Mad Man Blues (1986)
Not A Rebirth, But A Solid Set Nonetheless

It wasn’t easy being a stateside Dr. Feelgood fan. Their trio of great releases, Down By The Jetty, Malpractice and Sneakin’ Suspicion, were righteous, pre-punk blasts of working class pub rock, circa 1975-1977. But then… punk came along, goose-steppin’ all over the band’s stylistic turf of stripped and edgy rock and roll. One year, the Feelgoods were this fresh, energetic new thing. One year later, punk made it all seem tame. Go figure. After Wilko Johnson split in ’77, the group’s footprint in America became almost non-existent, as Sneakin’ Suspicion would be their last released in the USA. Lead vocalist Lee Brilleaux, just like the working man he plays on TV, devoted all his energies to the Feelgood’s live shows, releasing numerous live albums up until his death in 1994. Here’s a great, under-the-radar example from 1986. A raw, rigid collection of oldies and blues numbers given the Feelgood’s distinct 4/4 rhythms and Brilleaux’s pub crawling shout. No substitute for the mid-70s, of course, but a solid resurgence for Brilleaux’s lifelong baby. Keep an eye out for Oil City Confidential, the excellent documentary on the band. Amazon.

Dust My Broom (2:58)
Something You Got (2:40)
Dimples (2:59)
Living On The Highway (3:37)
Tore Down (2:40)
Mad Man Blues (2:25)
I’ve Got News For You (3:57)
My Babe (2:23)
Can’t Find The Lady (3:32)
Rock Me Baby (4:32)


  • Willard
    November 29, 2011 - 08:42 | Permalink

    Search HERE

  • November 29, 2011 - 23:28 | Permalink

    Willard, I don’t delve into everything you post, but any day I visit and see something new is a good day. Please don’t stop, unless you absolutely have to. And thanks.

  • Jerry Lee
    November 30, 2011 - 23:40 | Permalink

    These guys kicked ass, I think I learned about them via Trouser Press, I doubt they got much radio play in Philly. The post-Wilco material was good, especially “Case Of The Shakes” on Stiff, produced by Nick Lowe. Thanks for this Willard, it’s one I don’t have.

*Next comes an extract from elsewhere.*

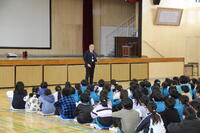 また、生徒指導主任の先生からは「冬休みの過ごし方」についてのお話がありました。冬休み中は、計画的に学習に取り組むこと、しっかりと休んで心と体を整えること、そして交通安全や健康管理に気を付けて安全に過ごすことの大切さが伝えられました。

  • December 4, 2011 - 05:46 | Permalink

    There are a handful of bands who set the table for the punk movement and Dr. Feelgood was one of the most important (and subsequently, most forgotten). Their importance to the music scene of the mid-seventies can be marked not in their originality but more for their raw energy and immediacy. Thanks for reminding all of us about these guys Willard.

  • December 11, 2011 - 22:17 | Permalink

    Have to state my case for Be Seeing You as the best post-Wilko Feelgoods record, with Gypie Mayo on guitar, though I must say when Wilko and Lee were together, they could do no wrong.